Researchers at the CERN have produced a miniature format of the primordial soup that made up the universe shortly after it was born. 

Soon after the Big Bang, the universe was filled with hot and dense soup composed of all kinds of particles that move at near light speed. The mixture is dominantly composed of quarks, a fundamental constituent of matter, and gluons, which carry the strong force that binds quarks together.

A few billionth of a second after the Big Bang, however, quarks and gluons were bound weakly and were free to move on their own in what's called as a state of quark-gluon plasma.

Researchers used the world's largest particle accelerator, the Large Hadron Collider (LHC) to collide atoms with extremely high energy to reproduce this primordial soup, following their recent move to replicate the first moments of the universe with the upgraded LHC. CERN explained that powerful accelerators collided massive ions such as nuclei of gold and lead to recreate the conditions of the very early universe.

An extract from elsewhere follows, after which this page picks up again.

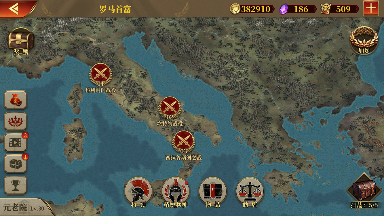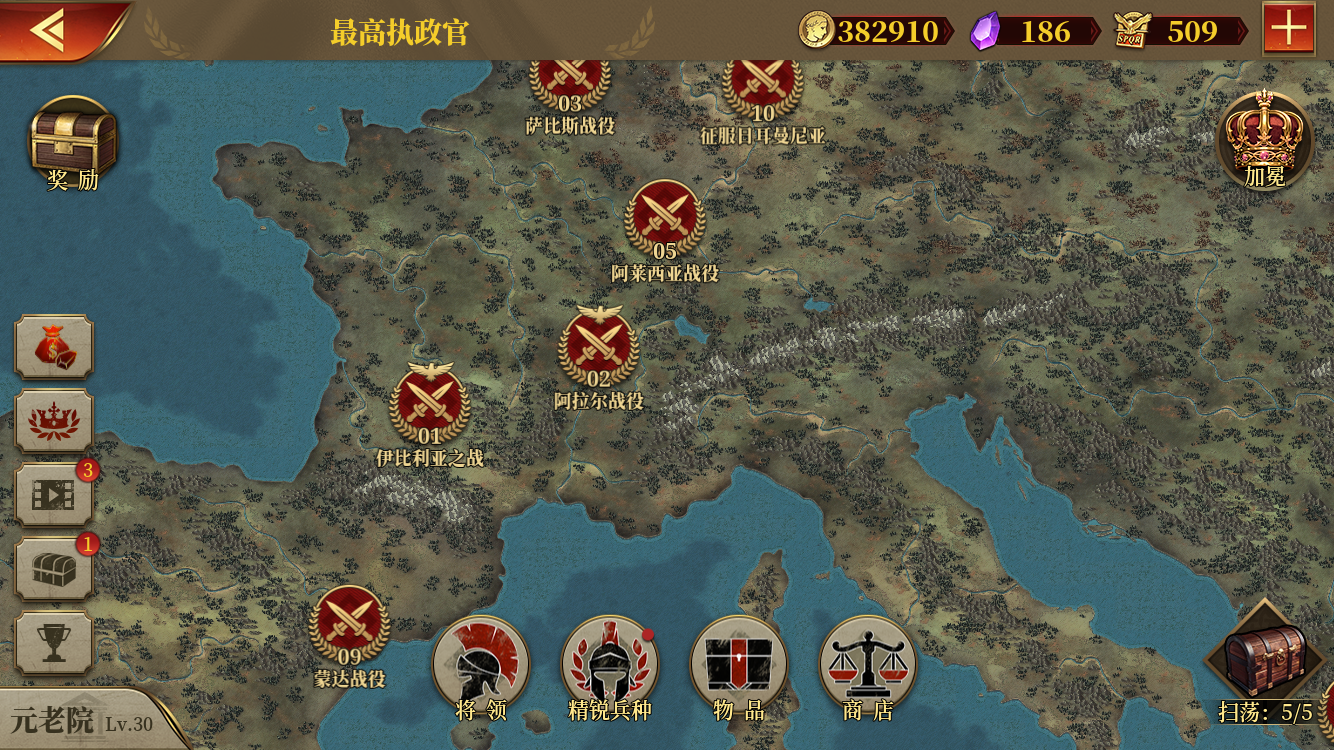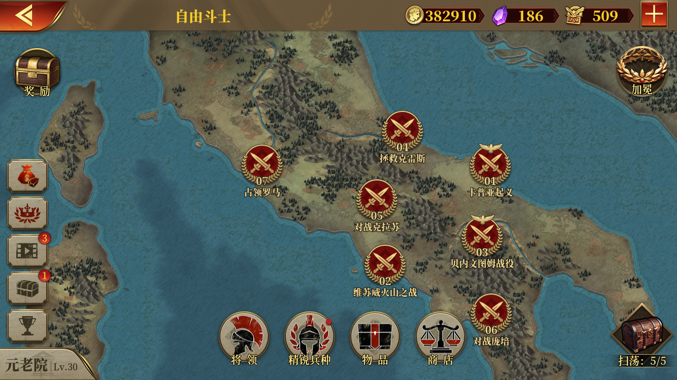 终于五扫荡了。个人觉得凯撒、克拉苏、斯巴达克斯比较简单,凯撒第十二关和斯巴达克斯第七关比较难,但多打几遍能过,界屋6级勉强能过。帝国军团罗马零氪君王崛起扫荡,个人推荐先打以上三个。

"In these heavy-ion collisions the hundreds of protons and neutrons in two such nuclei smash into one another at energies of upwards of a few trillion electronvolts each," CERN explains. "This forms a miniscule fireball in which everything 'melts' into a quark-gluon plasma."

You Zhou, from the Niels Bohr Institute at the University of Copenhagen, and colleagues measured how the plasma flows and fluctuates after its formation. The measurements analyzed the correlation between many particles and allowed researchers to determine the viscosity of the fluid with great accuracy.

By focusing on the collective properties of the quark-gluon plasma, the researchers found that its behavior is more comparable to that of a liquid than gas albeit it is not made up of molecules of water but of fundamental particles of quarks and gluons.

"The analyses of the collisions make it possible, for the first time, to measure the precise characteristics of a quark-gluon plasma at the highest energy ever and to determine how it flows," Zhou says.

Jens Jørgen Gaardhøje, also from the Niels Bohr Institute, said that it is remarkable they were able to get a detailed measurement on a drop of the early universe. He added that the results are consistent with the physical laws of hydrodynamics.